Now more practically and commercially, how about we just call it 1x 5% after-tax NAV using $2600 gold an $4.20 copper which would be US$753MM market cap, or ~20 PHP for 34% upside, and enjoy an 18% free cash flow yield going forward as the mine plan is updated every 2-3 years to show the reserve and resource is not rapidly depleting.
UPDATE – FEBRUARY 2025
And from when the koala wrote this in November to publishing it now in February, gold is now closer to $3,000/oz than it is to $2,800/oz.
At $2,900 gold and $4.75/lb copper, at PHP 17.00 share price, the koala estimates a FCF yield of 25% in 2025. That implies a dividend yield in excess of 20%. And we haven’t touched at all on the legislation in Manila awaiting Presidential signature from earlier in 2025 that may reduce dividend withholding tax for foreign investors from 25% to 10%.
The stock today at PHP17 (while we await the 4Q 2024 dividend declaration this week which should come with OceanaGold 4Q 2024 earnings) basically reflects that gold and copper prices are higher, no valuation uplift or recognition in the market for the mine plan upside the koala has flagged here or just the broader re-rating an asset of this quality deserves.
The Koala estimates 5% spot copper and gold price NAV under the CURRENT mine plan is ~$900 million versus a market cap of ~$650 million.
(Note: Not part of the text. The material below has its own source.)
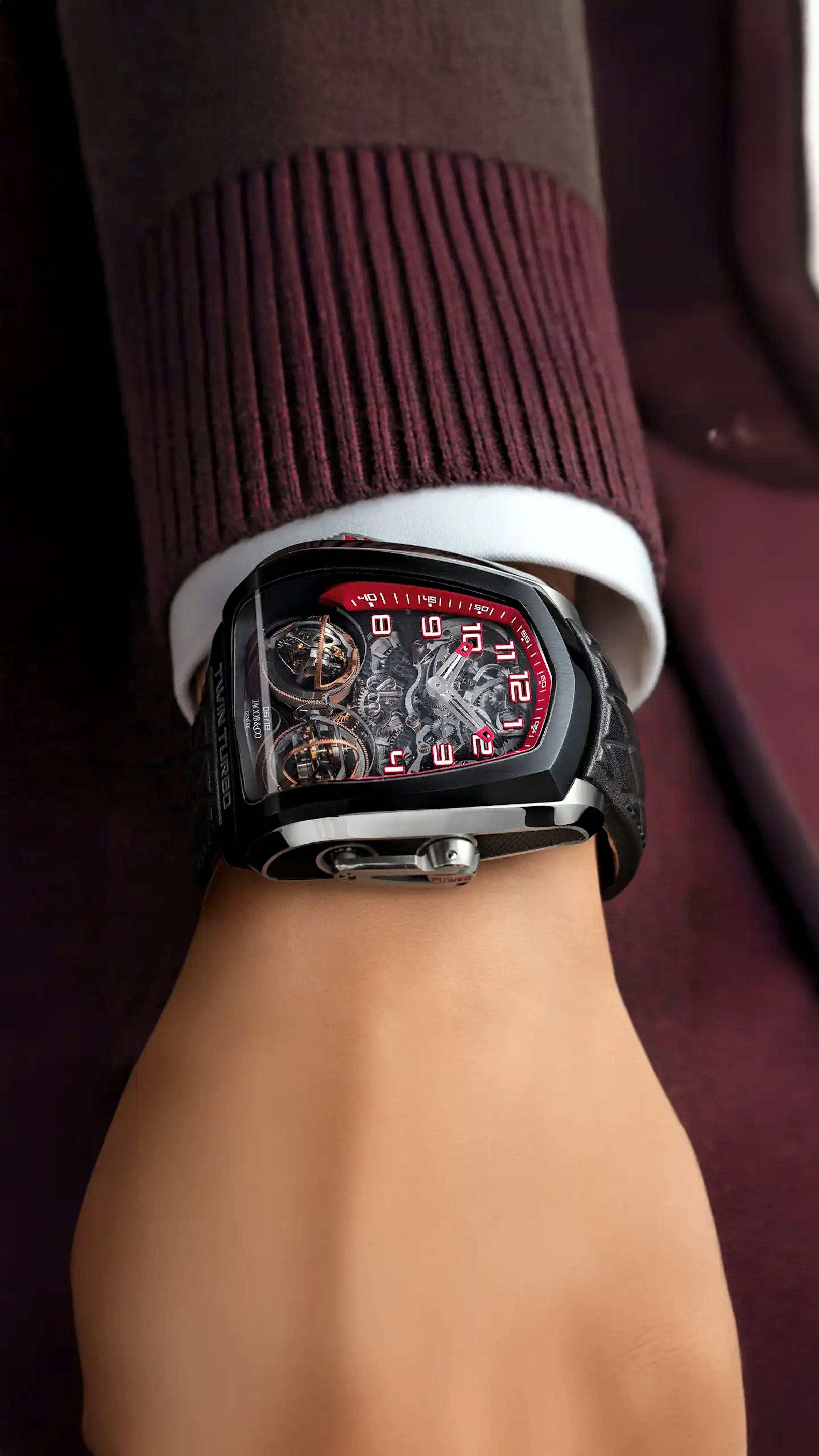 Winding caliber JCFM04 and filling up its 72-hour tank can be a lengthy process. To make it more ergonomic and pleasant, the Twin Turbo’s crown is shaped like a crank, engraved with the word “POWER”.
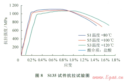 根據(jù)元壩地區(qū)鉆井工程的實(shí)際情況,實(shí)驗(yàn)選用了,S135鋼片、Gl05鋼片作為評(píng)價(jià)對(duì)象。一定溫度情況下評(píng)價(jià)Sl35鋼片、Gl05鋼片在酸化解卡液中腐蝕后強(qiáng)度(抗拉與抗扭)變化情況[12]。

And the mine plan is conservative.
Do your current gold producer equities have this sort of EBITDA and free cash flow margin per ounce at this sort of P/NAV valuation with a disciplined capital allocation framework?
The koala asks the same question it (internally) asked in November 2024 at $2600 gold and $4.20 copper, why isn’t this a PHP29-30 / share stock?
Thx for the idea, too bad, that this one is not tradeable on Ibkr.